Fix the batch-normalization parameters of the CNN.
Train the classifier layers first, before fine-tuning the whole network.
The optimizer should be SGD following the original paper.
Thanks for your help.
1, I fixed VGG’s parameters and trained the last layer. It outputs about 35%. Not as expected ( 60%-70%)
2, I use VGG16 without batch-normalization, which has the same structure with its original MatConvnet model.
3, I follow the official tw-step training: first to extract deep features, and then train the last layer. It helps and boost the accuracy.( But I don’t know why. In my mind, freezing VGG layers is equal to extracting features first and training the last layer later.) The accuracy of first stage is 59% (80.1% reported in the paper), the accuracy of the second stage is 78%(84.1% reported).
4, I use the SGD optimizer with momentum (same as the paper).

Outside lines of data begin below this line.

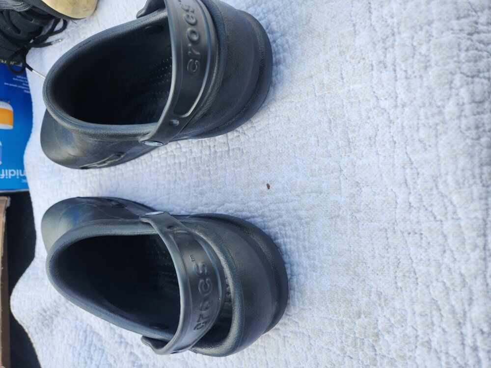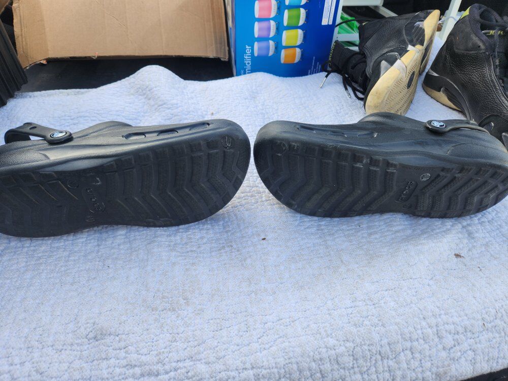Crocs Bistro Clog. This black, slip-resistant clog is specifically designed for professionals who spend long hours on their feet in environments like the food service, hospitality, and healthcare industries. Key Features Slip-Resistant: It features the proprietary Crocs Lock tread designed to enhance traction on surfaces with water, oil, and grease. Protective Design: The clog has an enclosed toe design and a thicker metatarsal area to help protect the foot from spills. Comfort: Made with fully molded Croslite material, the shoe offers lightweight, 360-degree comfort with contoured footbeds. Easy Care: The material is easy to clean with soap and water and dries quickly. Certifications: The shoe is certified to meet or exceed industry slip-resistance standards, including ASTM F2913 and CE certification.
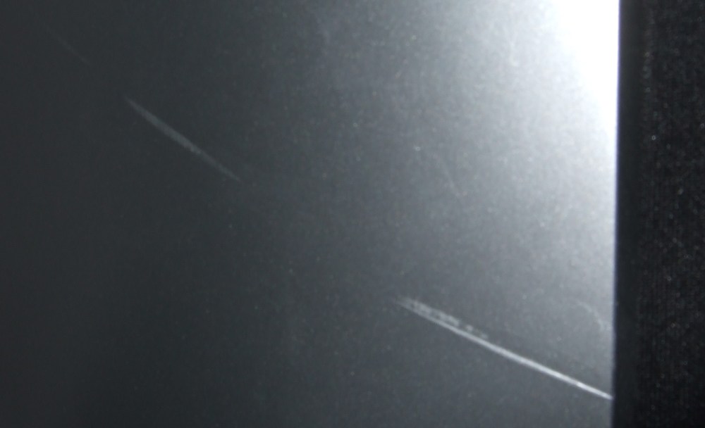 Dafür hat der Lautsprecher an der Seite einen 1-2 mm tiefen und 4cm langen Kratzer sowie an zwei Stellen leichtere Lackschäden ohne Vertiefung.
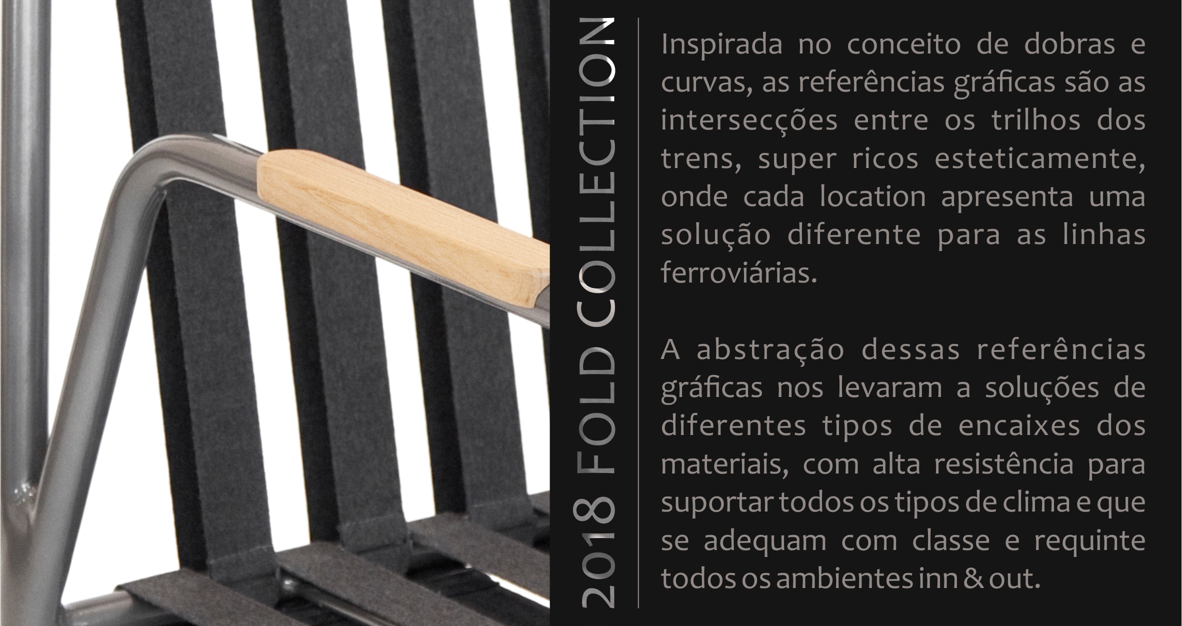 Discover the Fold Collection, inspired by the complexity of folds and curves of train tracks. Its robust metal structure with high resistance, detailed in wood and dynamic upholstery, is perfect for both indoor and outdoor environments. Weather and time-resistant, the Fold combines durability with a unique design, distinguished by meticulously machined feet that reflect our attention to detail.
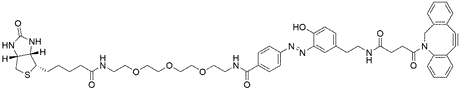 Purity:≥ 95% (HPLC)Synonym:1-(4,4-Dimethyl-2,6-dioxocyclohex-1-ylidene)-biotin dibenzocyclooctyneCatalog Number:35069Purity Limit:≥ 95% (HPLC)Molecular Formula:C32H50N4O8SMolecular Weight:872.08
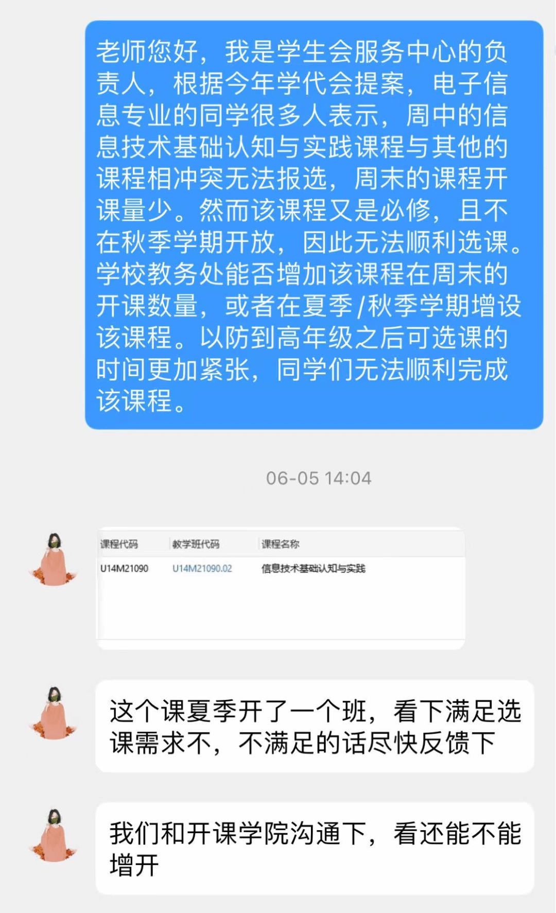 1.于上学期末与教务处老师进行了沟通交流,已决定增加该课程的开课数量。
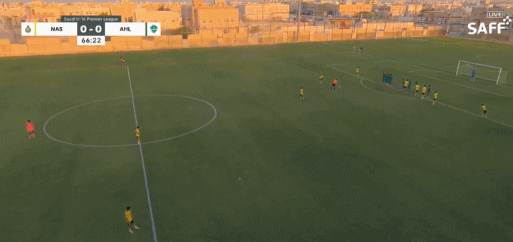 本場比賽利雅得勝利U15對(duì)陣吉達(dá)國民U15,第67分鐘,迷你羅任意球直接破門。

5, Interestingly, the Tensorflow version works well. (69% for the 1st stage and 84% for 2rd stage). Is the pretrained VGG16 model’s fault in different DL frameworks? I love Pytorch, but it does not work well this time…
Did you initialize your new Linear layers? Some Xavier init and a small constant is used for the weights and bias, respectively. (It seems the default is xavier uniform, when no args are passed.)
1, Yes, I have preprocessed with the same mean and std.
2, Yes, I follow the tensorflow version and use the same initilizer.
By the way, I am converting the used pretrained VGG16 model in tensorflow to pytorch. I want to see the influence of the pretrained VGG.
It works a little bit with a gain of 5% to use the TensorFlow version VGG16 in Pytorch (Attention: You have to change the names of variables, dimension order of tensors and normalization of data.) I didn’t figure it out. And I am going to turn to Tensorflow for better model optimization.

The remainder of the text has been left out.